Leaving out all pictures, copy the lines below exactly, from the line with "kuai le ma |" to the last line, both ends included.

_Source data:_
- Opening Delimiter -

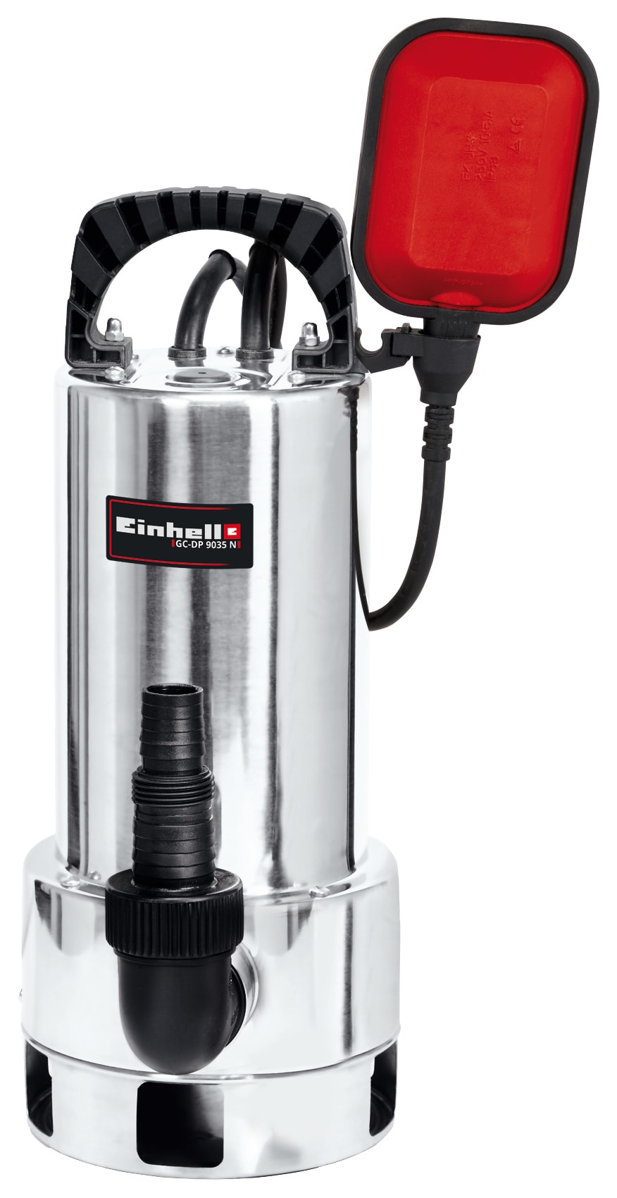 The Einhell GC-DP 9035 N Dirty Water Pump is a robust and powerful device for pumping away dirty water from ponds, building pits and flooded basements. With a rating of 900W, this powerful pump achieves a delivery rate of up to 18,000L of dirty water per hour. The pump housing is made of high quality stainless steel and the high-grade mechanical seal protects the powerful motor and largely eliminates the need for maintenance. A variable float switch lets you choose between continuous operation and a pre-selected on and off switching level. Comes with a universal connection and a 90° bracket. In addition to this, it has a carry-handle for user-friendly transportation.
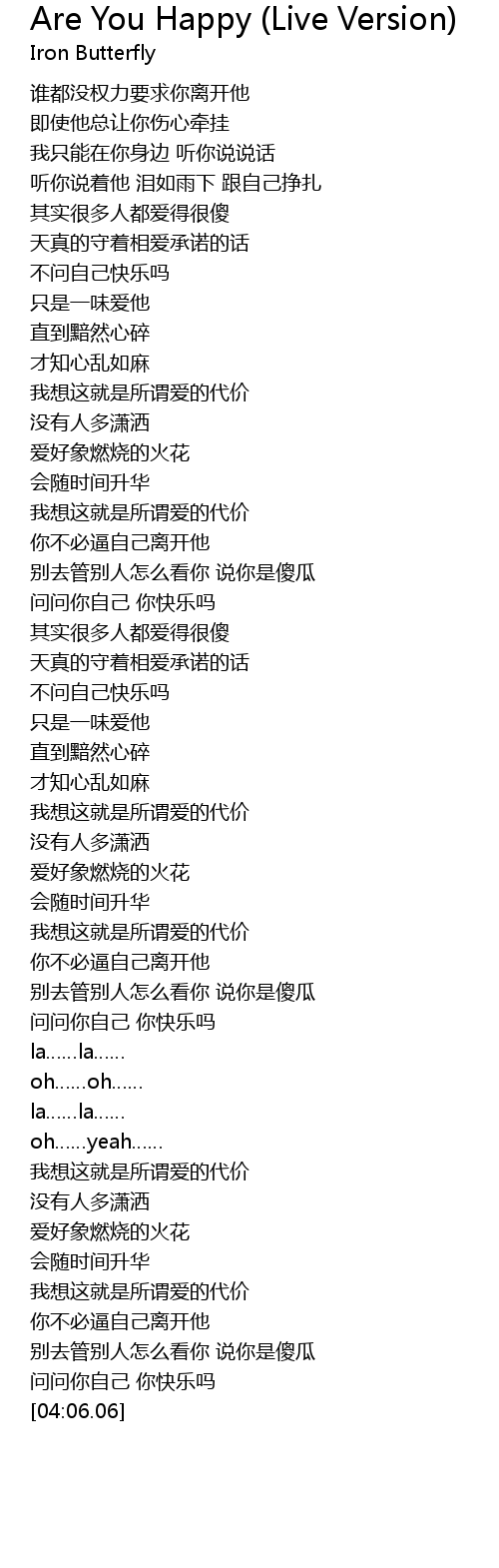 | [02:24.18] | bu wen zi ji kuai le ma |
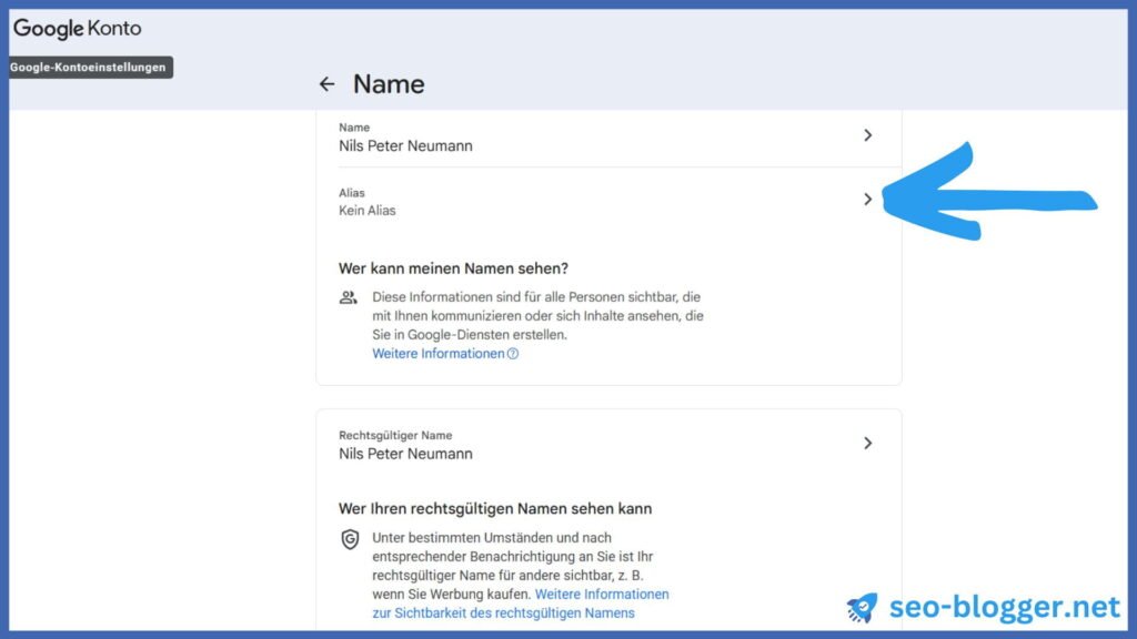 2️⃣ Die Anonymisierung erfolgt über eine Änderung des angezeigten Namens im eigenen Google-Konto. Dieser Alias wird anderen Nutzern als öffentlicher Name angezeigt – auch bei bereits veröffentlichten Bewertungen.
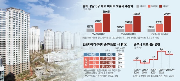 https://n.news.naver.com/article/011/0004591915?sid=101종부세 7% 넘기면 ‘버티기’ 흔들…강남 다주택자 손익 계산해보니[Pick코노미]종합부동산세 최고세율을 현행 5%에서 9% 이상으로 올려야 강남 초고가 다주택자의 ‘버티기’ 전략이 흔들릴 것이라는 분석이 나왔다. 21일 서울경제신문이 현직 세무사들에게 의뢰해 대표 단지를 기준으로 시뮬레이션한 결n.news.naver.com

- Closing Delimiter -

_Output below:_
 | [02:24.18] | bu wen zi ji kuai le ma |
 2️⃣ Die Anonymisierung erfolgt über eine Änderung des angezeigten Namens im eigenen Google-Konto. Dieser Alias wird anderen Nutzern als öffentlicher Name angezeigt – auch bei bereits veröffentlichten Bewertungen.
 https://n.news.naver.com/article/011/0004591915?sid=101종부세 7% 넘기면 ‘버티기’ 흔들…강남 다주택자 손익 계산해보니[Pick코노미]종합부동산세 최고세율을 현행 5%에서 9% 이상으로 올려야 강남 초고가 다주택자의 ‘버티기’ 전략이 흔들릴 것이라는 분석이 나왔다. 21일 서울경제신문이 현직 세무사들에게 의뢰해 대표 단지를 기준으로 시뮬레이션한 결n.news.naver.com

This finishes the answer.